# Drove to the University of MS (Ole Miss)...



## rusty9 (Jul 7, 2010)

...and took some pictures

1.






2. pano crop





3. tunnel from which the [football] team runs out





4. 





5. Ventress Hall





6. The Lyceum





7. Walk of Champions


----------



## MHRISH (Jul 7, 2010)

Great shots Rusty. I have made several shots of VHS from that same spot. I really like the one of the Chucky Mullins plaque, and I think the Lyceum shot is beautiful. I have shot the Lyceum many times but not from that viewpoint. Ventress hall is really pretty. We always tailgate between Ventress and the stage in the Grove.


----------



## rusty9 (Jul 7, 2010)

MHRISH said:


> I really like the one of the Chucky Mullins plaque



thanks. when i got there i realized the head statue was just screwed in before games; probably so no one steals it.

thanks for the nice comments


----------



## dak1b (Jul 7, 2010)

I like #5 and #6


----------



## rusty9 (Jul 7, 2010)

bump


----------



## bpittman2 (Aug 16, 2010)

Hi Rusty - I came across your photos of Ole Miss while doing a search for images of The Lyceum.  You've got a nice one posted and I would like to use it as part of an Ole Miss t-shirt layout.  Will pay $

If you are interested, shoot me your mailing address.

This t-shirt will end up in Hibbett Sports initially - not sure where else at present, but hopefully on campus in Oxford.

Thanks for your consideration.

Billy Pittman
billy@weezabi.com


----------



## rusty9 (Aug 16, 2010)

i need advice? anyone here think he's legit?


----------



## TJ K (Aug 16, 2010)

rusty9 said:


> i need advice? anyone here think he's legit?

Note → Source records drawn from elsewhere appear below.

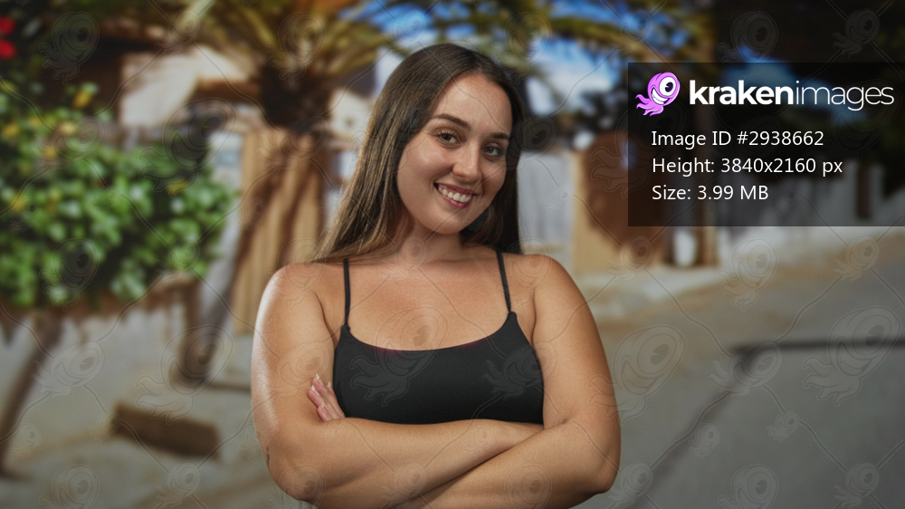 Young woman smiling with arms crossed showing bare shoulders at house on a residential street; confidence.
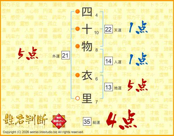 生活面を象徴する運勢です。外部から受ける影響力を表し、結婚運、家庭運や職場、環境への順応性を表します。総運から人運を引いた画数。姓や名が1文字の場合を除く。
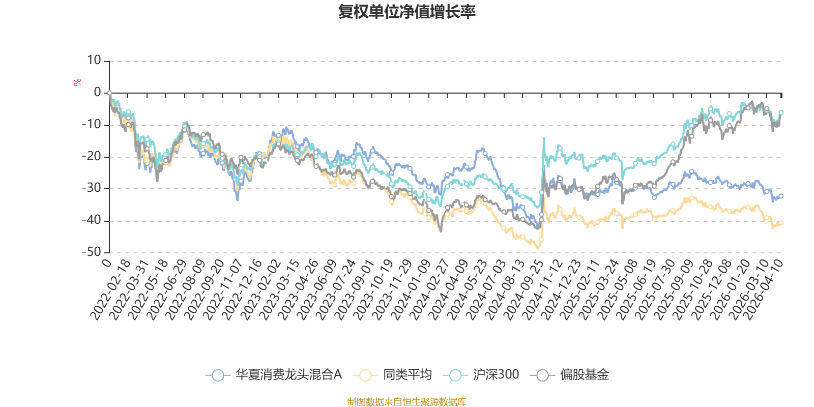 截至4月10日,华夏消费龙头混合A近三个月复权单位净值增长率为-5.13%,位于同类可比基金16/85;近半年复权单位净值增长率为-6.99%,位于同类可比基金20/85;近一年复权单位净值增长率为-1.92%,位于同类可比基金36/85;近三年复权单位净值增长率为-19.87%,位于同类可比基金31/76。
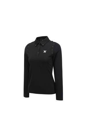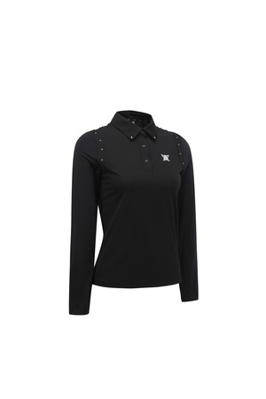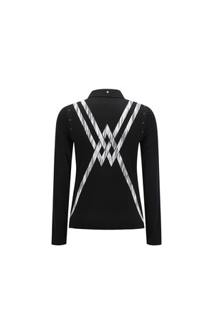 [ANEW GOLF] WOMEN SIGNATURE LOGO HYBRID LONG T-SHIRT_BK
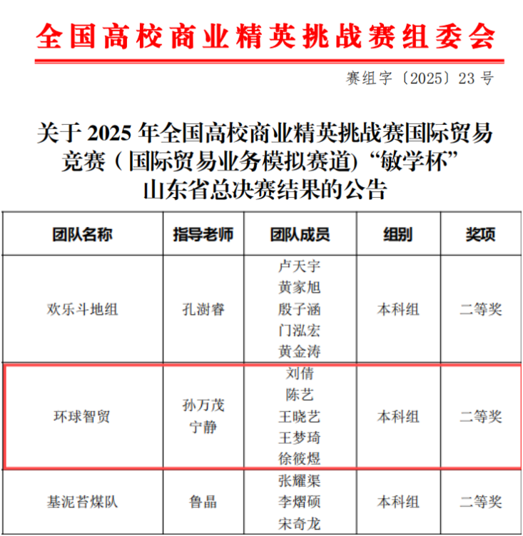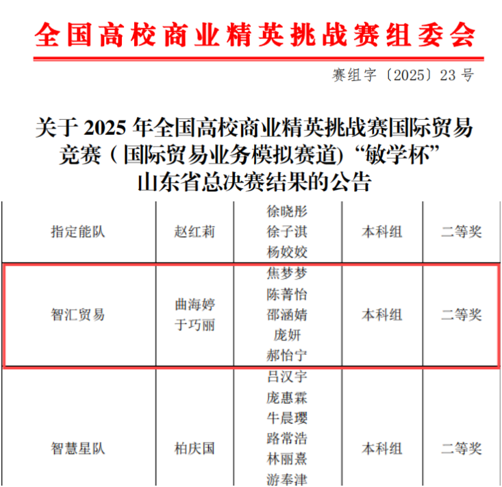 近日,2025年第十五届全国高校商业精英挑战赛国际贸易竞赛(国际业务模拟赛道)山东赛区总决赛圆满落幕!全省共有640多支队伍参加总决赛。太阳成集团tyc234cc精选的两支参赛团队在激烈角逐中脱颖而出,分别荣获山东省级总决赛二等奖,充分展现了公司在“数智化+实战化”人才培养路径上的成效!由刘倩、陈艺、王晓艺、王梦琦、徐筱煜组成的“环球智贸”团队和焦梦梦、陈菁怡、邵涵婧、庞妍、郝怡宁组成的“智汇贸易”团队,首次参赛便在本次竞赛中展现出较强的综合素质与数智能力,交出了一份亮眼答卷!
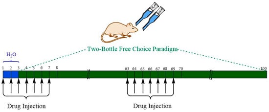 Two-bottle free-choice experiments [,,,] were used to test the effects of a fixed dose of UFR2709 (2.5 mg/kg) on the voluntary ethanol intake of UChB rats. UChB rats were individually exposed to continuous access (24 h/day) of ethanol 10% v/v or distilled water in a two-bottle free-choice protocol. To prevent a potential position preference, bottles were daily alternated. All rats used were naïve but came from UChB bibulous mothers. The rats were then randomly divided into two groups (n = 7 per group), and a daily i.p. injection of UFR2709-HCl (2.5 mg/kg) or saline (1 mL/kg) was administered for 7 days at 15:00 h in a two-cycle paradigm, at days 1 to 7 and days 63 to 69 of the experiment (Figure 1). On days 1–2, animals were injected with UFR2709 or vehicle but were not given alcohol access, with the purpose to achieve pharmacologically effective drug concentration in the rats, before starting ethanol exposure. On day 3, ethanol access was started under 24 h continuous access two-bottle free-choice paradigm and maintained until day 100.
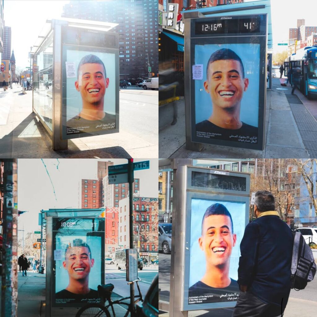 À l’occasion de l' »anniversaire » de son assassinat par Israël dans le nord de Gaza, des affiches rendant hommage au journaliste palestinien Hossam Shabat, âgé de 23 ans, ont été placardées dans les rues de New York.
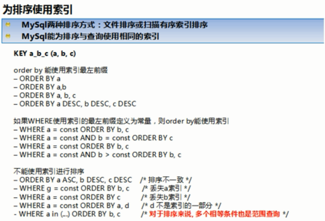 ①MySQL支持两种方式的排序filesort和index,Using index是指MySQL扫描索引本身完成排序。index效率高,filesort效率低。
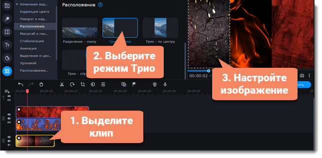 Выделите клип на дорожке дополнительного видео и выберите один из режимов «Трио».
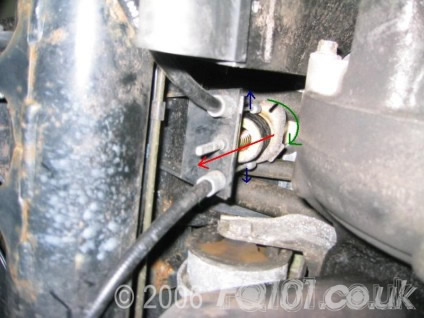 Whilst under there, it may be advantageous to drop the front floor pan (6 x 8mm bolts), and unplug the lateral g-force sensor. The wire attached to this needs to be fed right back through to the engine.
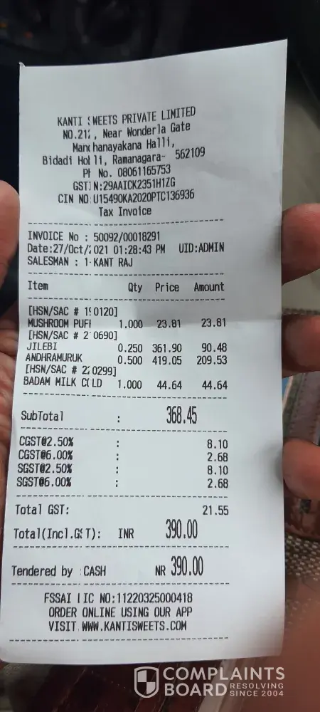 I am a regular customer of kanti sweets TC palya branch and have never encountered such a problem before.

You be the judge. Look at his site. Weezabi.com doesn't look like anything has every actually been produced. I don't know if I would really trust it. His post was a little better than usual as he used your username and not too generic  but it's really up to you I guess. I'm not sure what to think really.


----------



## Geaux (Aug 16, 2010)

Weezabi

It's definitely a tshirt shop lol, but Bama shirts ... blegh!

Nice shots Rusty, the only thing wrong with them though .... it's Ole Miss. lol  GEAUX TIGERS!


----------



## misstwinklytoes (Aug 16, 2010)

Geaux said:


> Weezabi
> 
> It's definitely a tshirt shop lol, but Bama shirts ... blegh!
> 
> Nice shots Rusty, the only thing wrong with them though .... it's Ole Miss. lol  GEAUX TIGERS!



:thumbup: lol Hell Yeah!  (I can't help it, I'm a LA girl.)


----------